Successivamente, etichettare i campioni con complesso di perossidasi coniugato avidina per trenta minuti a quattro gradi celsius. Seguito da un lavaggio e cinque minuti di etichettatura con substrato di perossidasi DAB. Al termine dell'incubazione, disidratare i tessuti in ghiaccio freddo sequenziale al 90% di etanolo e al 100% di emersioni di etanolo.
Quindi, utilizzare un successivo sistema di microdisezione, dotato di un laser a stato solido da 355 nanometri per sezionare 10.000 capillari per topo e catapultare i capillari della seziona in un cappuccio adesivo a tubo di microfugo. Come illustrato, una completa perdita di perfusione dell'arto posteriore si osserva immediatamente dopo l'induzione dell'ischemia dell'arto posteriore. La valutazione quantitativa del flusso sanguigno, espressa come rapporto tra isc e arto NISC, ha dimostrato una perfusione di sangue degli arti significativamente migliorata nei topi esposti allo stimolo pro-angiogenico ai giorni 15 e 45 post-HLI.

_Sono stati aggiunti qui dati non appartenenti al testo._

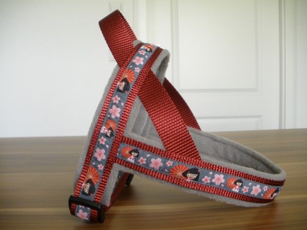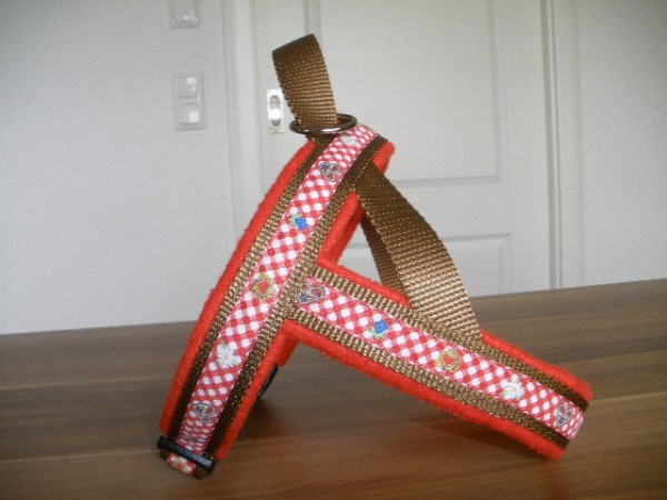 Geschirr - mit Borte Herzilein, Gurtband hellbraun, Fleece rot

La quantificazione dei capillari positivi cd31 nelle sezioni istologiche delle sezioni del tessuto muscolare gastrocnomio mostra che la densità capillare è maggiore nell'arto ischemico rispetto all'arto non ischemico. Come previsto. Ma questo effetto viene ulteriormente amplificato dopo il trattamento con l'agente pro-angiogenico.
Anche la densità collaterale del vaso aumenta costantemente nell'arto ischemico e questo aumento è significativamente più elevato dopo l'esposizione con lo stimolo pro-angiogenico. L'analisi inversa della reazione a catena della transcriptasi polimerasi dell'espressione genica pro-angiogenica nelle cellule endoteliali positive del CD31 dimostra una chiara variazione nell'espressione genica tra topi esposti o meno all'agente pro-angiogenico. È importante utilizzare un ago oftalmico più vecchio per aprire la fodera iliofemorale membraneale per evitare lo strappi dell'arteria e della vena durante la dissezione del vaso.
Il vaso risponde all'ischemia hindlimb nelle misurazioni perfusioni basate su doppler laser e la quantificazione istologica della densità capillare del vaso ci consente di valutare l'angiogenesi.